Ada beberapa situasi selama kehamilan di mana perhatian medis mungkin diperlukan. Perlu diketahui, karena dapat berguna dan berguna, dan pada saat yang paling tak terduga.

Gatal kulit yang parah bisa menjadi tanda penyakit hati yang serius - penyakit intrahepatik ibu hamil (HCB), terutama jika gatal muncul pada trimester ketiga. Tanda-tanda penyakit akan menguning pada kulit, mual, muntah, kelelahan, kehilangan nafsu makan. Penyakit ini akan lewat setelah melahirkan, tetapi bisa membahayakan bayi.

Dalam kasus penggelapan kulit, pelanggaran pigmentasi, disertai dengan rasa sakit, kepekaan yang kuat terhadap rangsangan eksternal, kemerahan, jika ada perubahan warna, ukuran dan bentuk bintik-bintik penuaan, lebih baik segera mencari pertolongan medis..

Hanya dia yang bisa menentukan penyebab sebenarnya dan menentukan cara untuk mengatasinya. Tidak perlu berpikir bahwa segala sesuatu akan berlalu dengan sendirinya, mungkin, manifestasi seperti itu terhubung dengan sesuatu yang dapat membahayakan, dan oleh karena itu, tidak diperlukan inisiatif..

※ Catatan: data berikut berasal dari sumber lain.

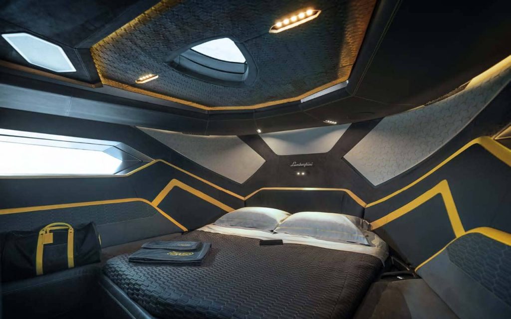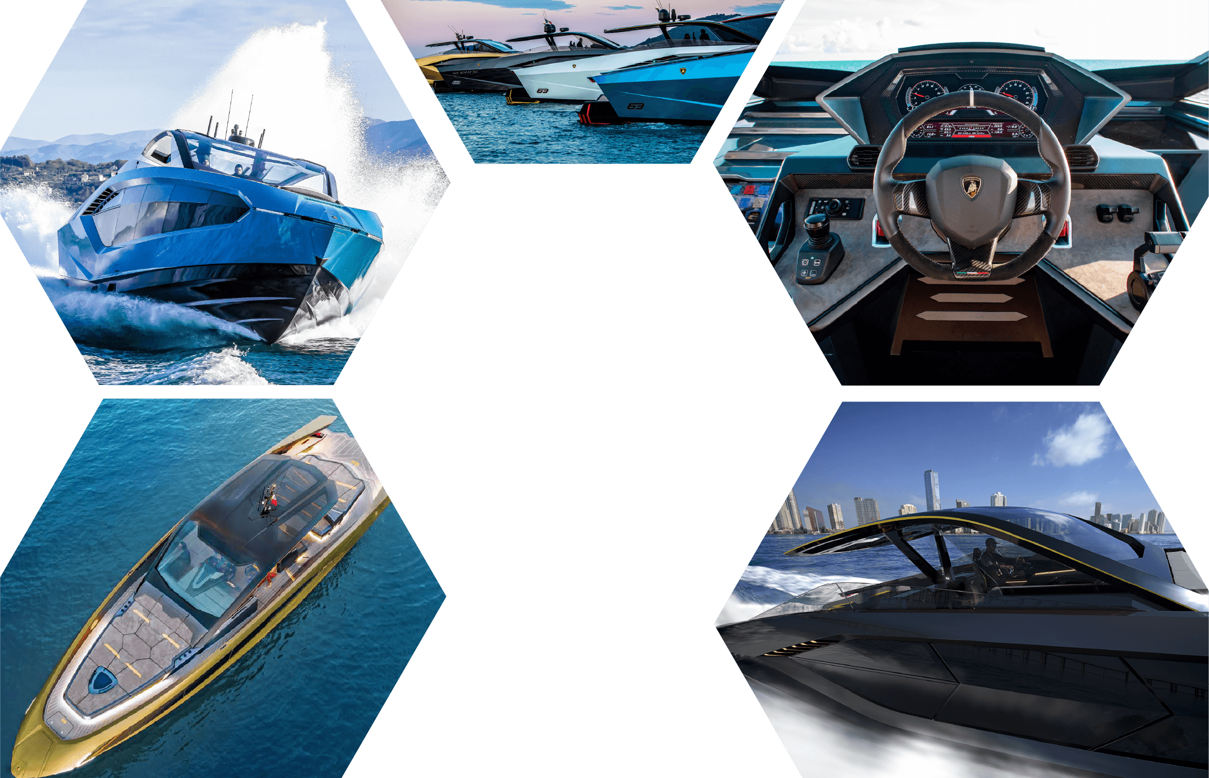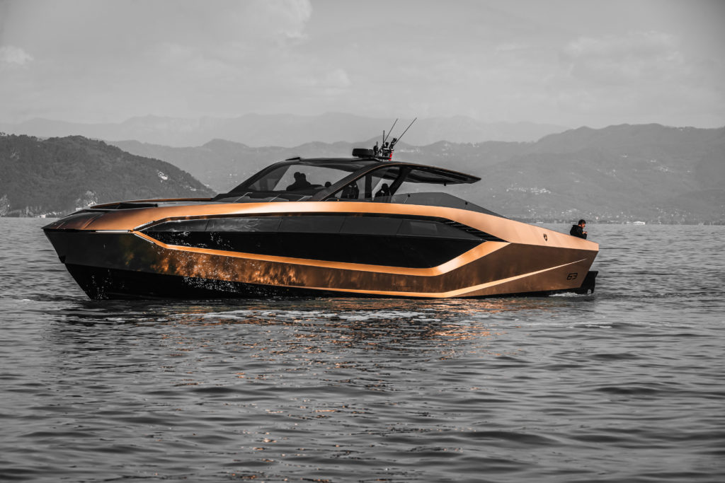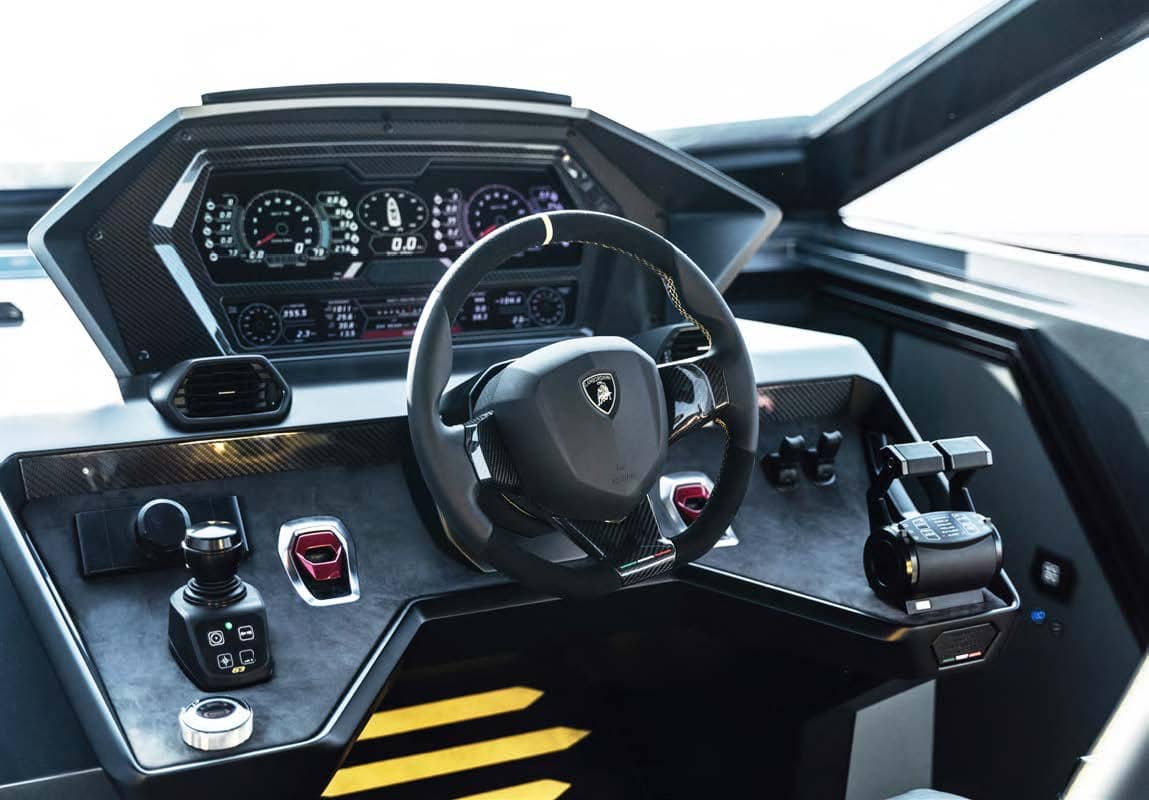 63ノット(約117km/h)の最高速度を実現するツインMAN V12 2000馬力エンジン、そして超軽量ヨットのためのカーボンファイバー構造。「テルツォ・ミッレニオ」と「シアン FKP 37」に着想を得て、ランボルギーニのDNAである「スピード、軽さ、そして紛れもないスタイル」を新たな海の世界へ導きます。
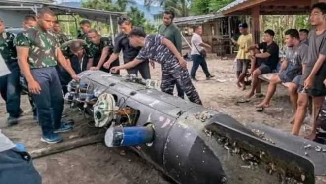 Newscast.id - Warga di Gili Trawangan, Lombok Utara, Nusa Tenggara Barat dihebohkan dengan penemuan benda mirip torpedo apal selam. Bnda itu kini diamankan di Pangkalan TNI AL Mataram.
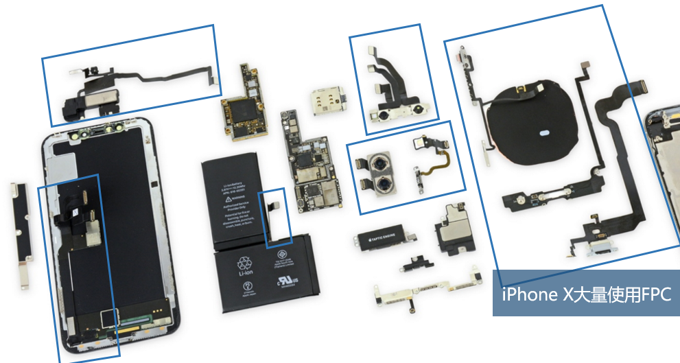 如(ru)下圖,在iPhone X里,大量(liang)使用FPC。LCD、原深感攝(she)像頭、雙(shuang)攝(she)像頭、側(ce)按鍵(jian)、USB口、電(dian)池,通通都是(shi)(shi)使用FPC連接到(dao)主板(ban)的。(其他手(shou)機也是(shi)(shi)這樣的,寸土寸金)。
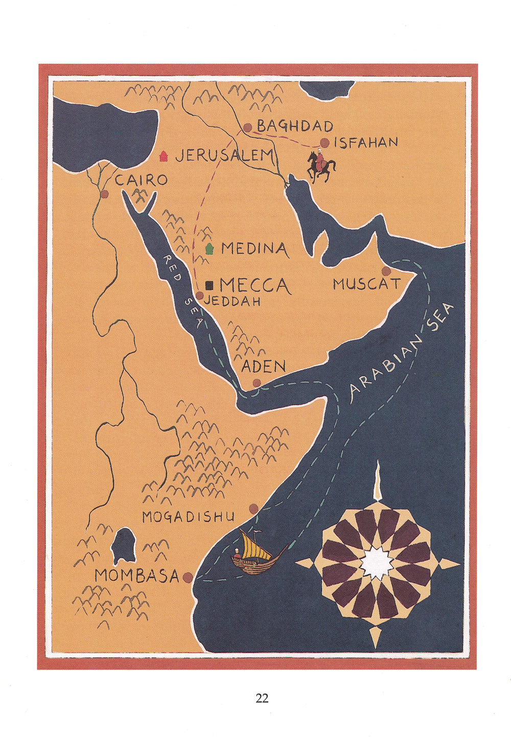 In Ibn Battuta, Son of the Mighty Eagle, the young Moroccan traveller heads for India, but inevitably does not get there! Instead, he comes across a straw hut built for love, has an audience with a poetry-reciting Mongol Emperor, and crosses the shark-infested Red Sea in the company of some camels. In Yemen, his adventures are still not over, as he chews on a leaf which makes him forget his worries, and in Africa, he tastes two exotic and delicious fruits for the first time.

Pembengkakan yang kuat pada kelopak mata, disertai dengan peningkatan besar berat hingga 3 kg, akan berarti bahwa banyak cairan menumpuk di dalam tubuh. Ini menunjukkan adanya komplikasi kehamilan terkait dengan peningkatan tekanan darah dan tanda preeklampsia..

Selama 40 minggu, moto utamanya adalah: "yang terbaik terbukti." Gunakan layanan hanya dari spesialis berkualifikasi terbaik dan tepercaya - kosmetologis. Bahkan luka terkecil dapat menyebabkan konsekuensi yang tidak diinginkan, baik untuk ibu maupun anak yang belum lahir. Sembilan dari sepuluh ibu hamil mengalami perubahan tidak nyaman pada kondisi kulit mereka.

Kebutuhan untuk mengamati rutinitas harian yang benar, udara segar, tidur yang sehat, akan membantu mengatasi sensasi tidak menyenangkan selama perubahan dalam tubuh. Kita tidak boleh melupakan perhatian terus-menerus pada wanita itu, keinginan untuk membuatnya menyenangkan, pengingat bahwa dia adalah yang paling cantik dan dicintai akan membantunya mengatasi semua masalah.

Selamat hamil dan persalinan yang sukses!

Kemerahan dan gatal-gatal selama kehamilan akan berlalu dengan cepat jika wanita itu sendiri dapat dengan tepat mengatur metode untuk mengatasi masalah seperti itu. Dan bagaimana melakukan ini, sudah dikenal.